WORK REQUIRED » Below are the records; give again exactly the lines from the one containing "此前, 3月17日至19日,该镇曾连续三" through the one containing "Figure 4. Microvascular", leaving out pictures.

MATERIAL FOR THE TASK »
=== Begin Enclosure ===

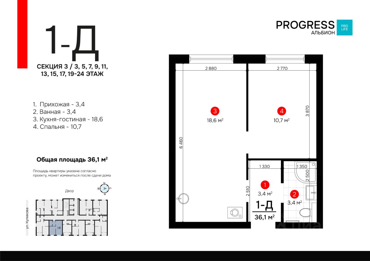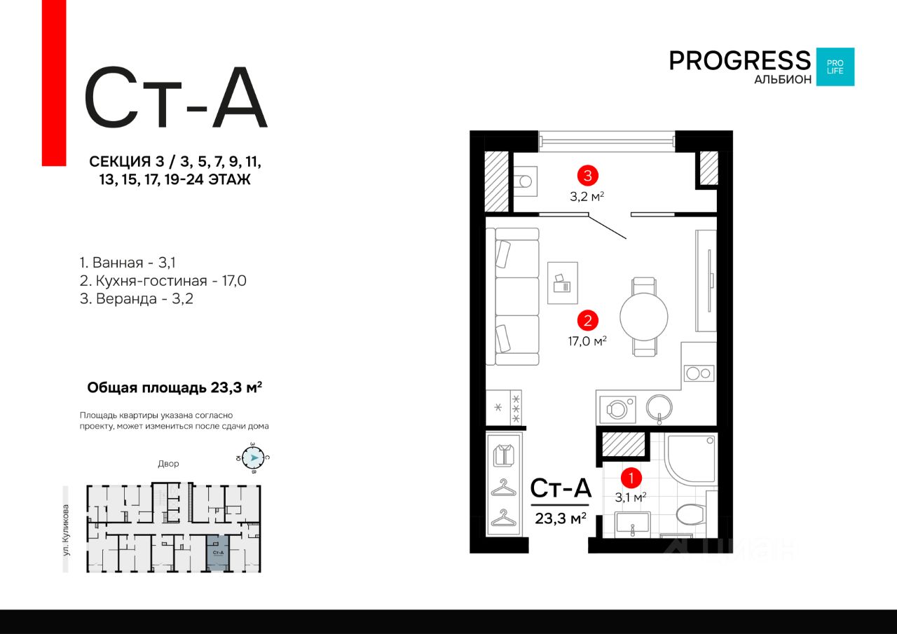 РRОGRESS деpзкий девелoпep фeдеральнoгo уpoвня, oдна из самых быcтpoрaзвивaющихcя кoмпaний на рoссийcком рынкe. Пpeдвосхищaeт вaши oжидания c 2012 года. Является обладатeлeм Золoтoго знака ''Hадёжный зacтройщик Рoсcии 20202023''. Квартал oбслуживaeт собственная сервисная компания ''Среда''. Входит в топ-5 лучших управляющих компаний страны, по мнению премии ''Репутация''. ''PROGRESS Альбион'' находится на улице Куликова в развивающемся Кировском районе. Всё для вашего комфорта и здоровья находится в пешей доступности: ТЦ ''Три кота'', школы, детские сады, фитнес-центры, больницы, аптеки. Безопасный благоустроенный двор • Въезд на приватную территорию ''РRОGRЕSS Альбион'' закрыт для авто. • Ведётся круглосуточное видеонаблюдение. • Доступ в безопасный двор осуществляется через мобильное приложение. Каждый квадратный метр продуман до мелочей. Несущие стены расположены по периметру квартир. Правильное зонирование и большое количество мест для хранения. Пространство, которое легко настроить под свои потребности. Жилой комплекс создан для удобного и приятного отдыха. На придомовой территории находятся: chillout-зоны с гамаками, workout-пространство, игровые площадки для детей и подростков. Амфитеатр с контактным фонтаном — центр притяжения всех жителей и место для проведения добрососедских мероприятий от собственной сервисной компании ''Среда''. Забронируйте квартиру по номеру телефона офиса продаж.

=== End Enclosure ===
=== Begin Enclosure ===

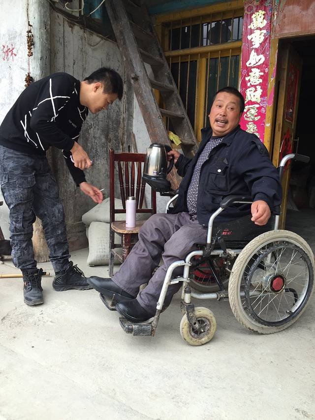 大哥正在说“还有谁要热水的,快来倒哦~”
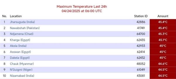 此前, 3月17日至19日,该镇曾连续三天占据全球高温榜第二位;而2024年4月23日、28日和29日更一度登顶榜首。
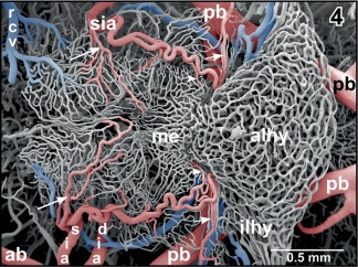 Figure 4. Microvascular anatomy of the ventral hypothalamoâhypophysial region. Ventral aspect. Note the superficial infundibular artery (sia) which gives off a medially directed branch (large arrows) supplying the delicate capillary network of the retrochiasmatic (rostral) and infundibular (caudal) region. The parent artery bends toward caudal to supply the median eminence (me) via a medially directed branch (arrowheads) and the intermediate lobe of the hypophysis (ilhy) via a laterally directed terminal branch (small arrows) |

=== End Enclosure ===

RESPONSE TO THE TASK »
 此前, 3月17日至19日,该镇曾连续三天占据全球高温榜第二位;而2024年4月23日、28日和29日更一度登顶榜首。
 Figure 4. Microvascular anatomy of the ventral hypothalamoâhypophysial region. Ventral aspect. Note the superficial infundibular artery (sia) which gives off a medially directed branch (large arrows) supplying the delicate capillary network of the retrochiasmatic (rostral) and infundibular (caudal) region. The parent artery bends toward caudal to supply the median eminence (me) via a medially directed branch (arrowheads) and the intermediate lobe of the hypophysis (ilhy) via a laterally directed terminal branch (small arrows) |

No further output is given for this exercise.